Libraries are Loaded


In [2]:
# Load the preprocessed data into a DataFrame
data = pd.read_csv('preprocessed_data.csv')

In [3]:
# Fill NaN values in 'Title' and 'Abstract' columns with empty strings
data['Title'] = data['Title'].fillna('')
data['Abstract'] = data['Abstract'].fillna('')

In [4]:
# Extract the 'Title' and 'Abstract' columns
titles = data['Title'].tolist()
abstracts = data['Abstract'].tolist()

In [5]:
# BERT Tokenizer and Model
tokenizer = BertTokenizer.from_pretrained('bert-base-uncased')
model = BertModel.from_pretrained('bert-base-uncased')

In [6]:
def get_bert_embeddings(texts):
    embeddings = []
    for text in texts:
        # Ensure that the input is a list of strings
        if isinstance(text, str):
            inputs = tokenizer(text, return_tensors='pt', max_length=512, truncation=True)
            outputs = model(**inputs)
            last_hidden_states = outputs.last_hidden_state
            mean_pooled = torch.mean(last_hidden_states, dim=1).squeeze().detach().numpy()
            embeddings.append(mean_pooled)
        else:
            # If the input is not a string, append a placeholder embedding
            embeddings.append([0.0] * 327)  # Change 768 to the actual size of BERT embeddings
    return embeddings


In [7]:
# Get BERT embeddings for titles and abstracts
title_embeddings = get_bert_embeddings(titles)
abstract_embeddings = get_bert_embeddings(abstracts)

In [12]:
# Save the BERT embeddings as pickle files
with open('title_bert_embeddings.pkl', 'wb') as f:
    pickle.dump(title_embeddings, f)

with open('abstract_bert_embeddings.pkl', 'wb') as f:
    pickle.dump(abstract_embeddings, f)

print("Data saved successfully as ")

Data saved successfully as 


In [13]:
# Create DataFrames for titles and abstracts with embeddings
title_data = pd.DataFrame({'Title': titles})
title_data['Embeddings'] = pd.DataFrame(title_embeddings).values.tolist()

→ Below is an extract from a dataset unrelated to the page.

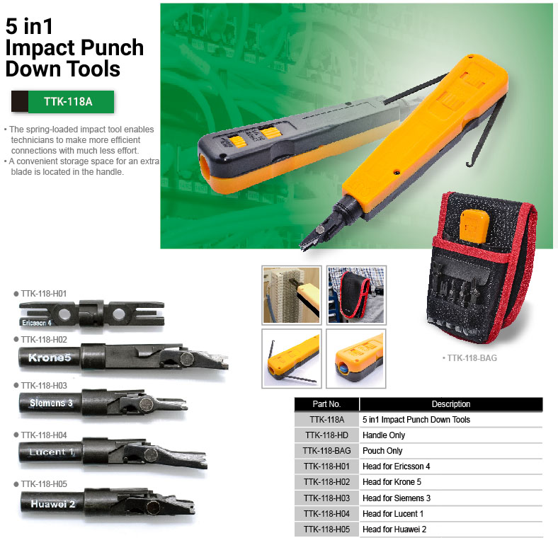 The Goldtool 5 in 1 TTK-118A Impact Punch Down Tool with Multiple Insertion Blade Heads is a spring-loaded impact tool that enables technicians to make more efficient connections with much less effort. A convenient storage space for an extra blade is located in the handle. Multiple Insertion Blade heads included are for Ericsson, Krone, Siemens, Lucent, Huawei also included is an easy Carry pouch.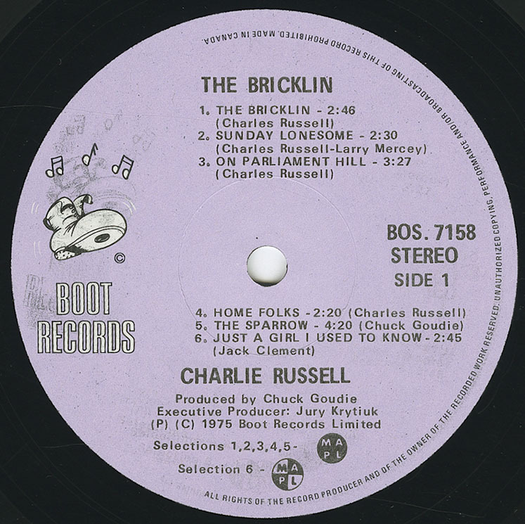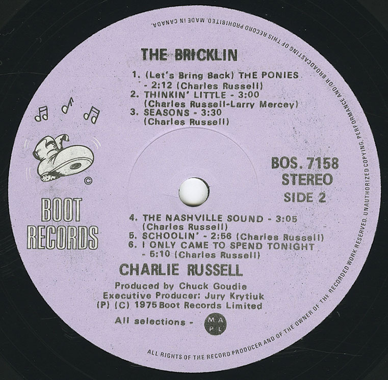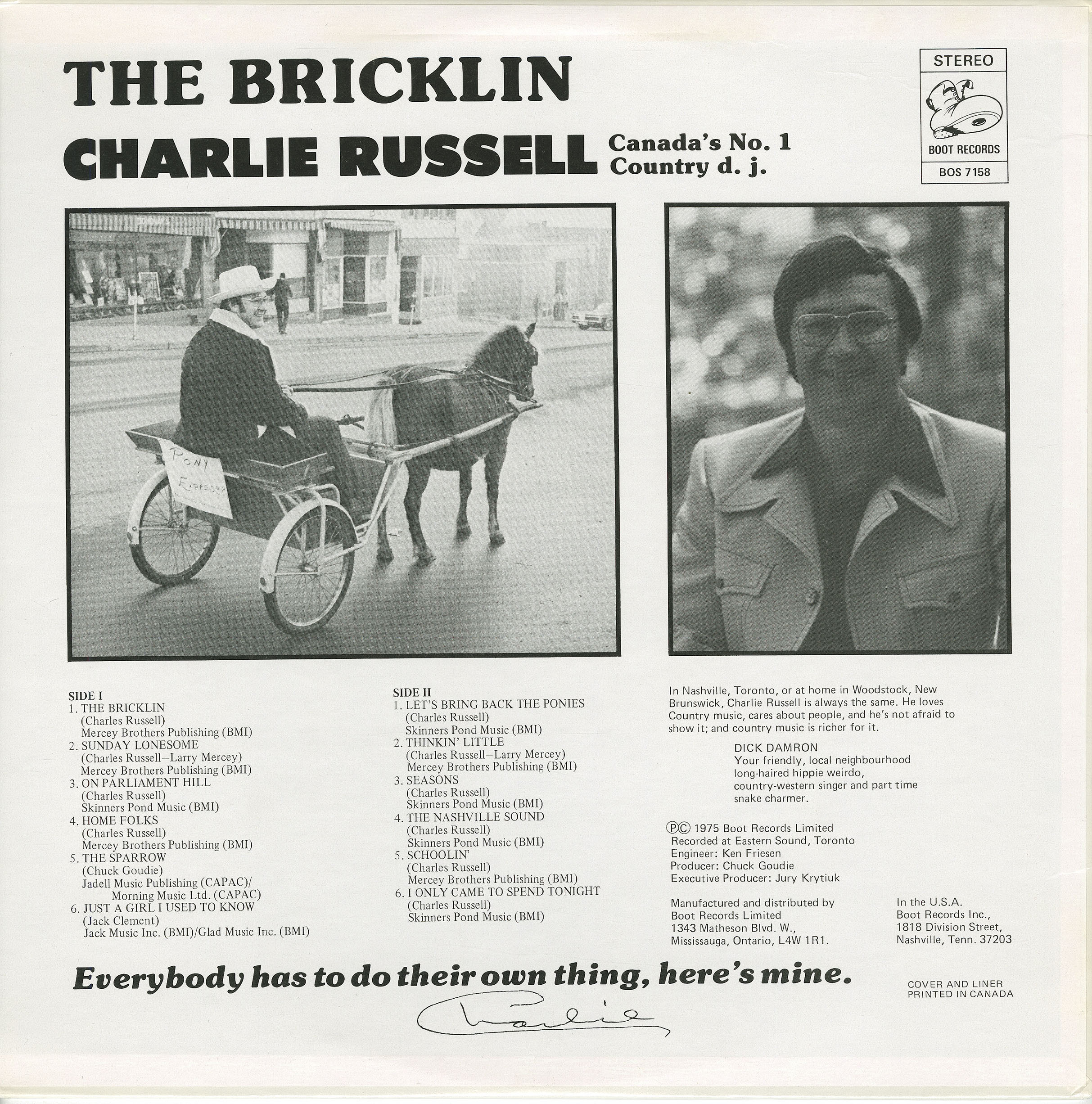 About this time he began to be recognized for his satirical song writing. In 1975, Charlie recorded “The Bricklin”, a political country satire album on Stompin' Tom’s Boot Records. The Bricklin's were Canada's contribution to automobile design. While the car failed, the song became a hit. The song "The Bricklin" went to # 17 on the National Charts and was featured on National TV and Radio news. Other hits included “On Parliament Hill”, and “Let's Bring the Ponies Back”. He has written more than 50 songs. A learned paper on “Goodtime Charlie and the Bricklin” was presented at the Canadian Historical Association in 1977. All 3,000 Bricklins were assembled in Saint John, New Brunswick.

abstract_data = pd.DataFrame({'Abstract': abstracts})
abstract_data['Embeddings'] = pd.DataFrame(abstract_embeddings).values.tolist()


In [14]:
# Concatenate the embeddings with the original DataFrame
titleData = pd.concat([title_data['Title'], pd.DataFrame(title_data['Embeddings'].tolist(), columns=[f'embedding_{i}' for i in range(768)])], axis=1)
abstractData = pd.concat([abstract_data['Abstract'], pd.DataFrame(abstract_data['Embeddings'].tolist(), columns=[f'embedding_{i}' for i in range(768)])], axis=1)


In [15]:
# Save DataFrames to CSV files
titleData.to_csv('title_data_with_embeddings.csv', index=False)
abstractData.to_csv('abstract_data_with_embeddings.csv', index=False)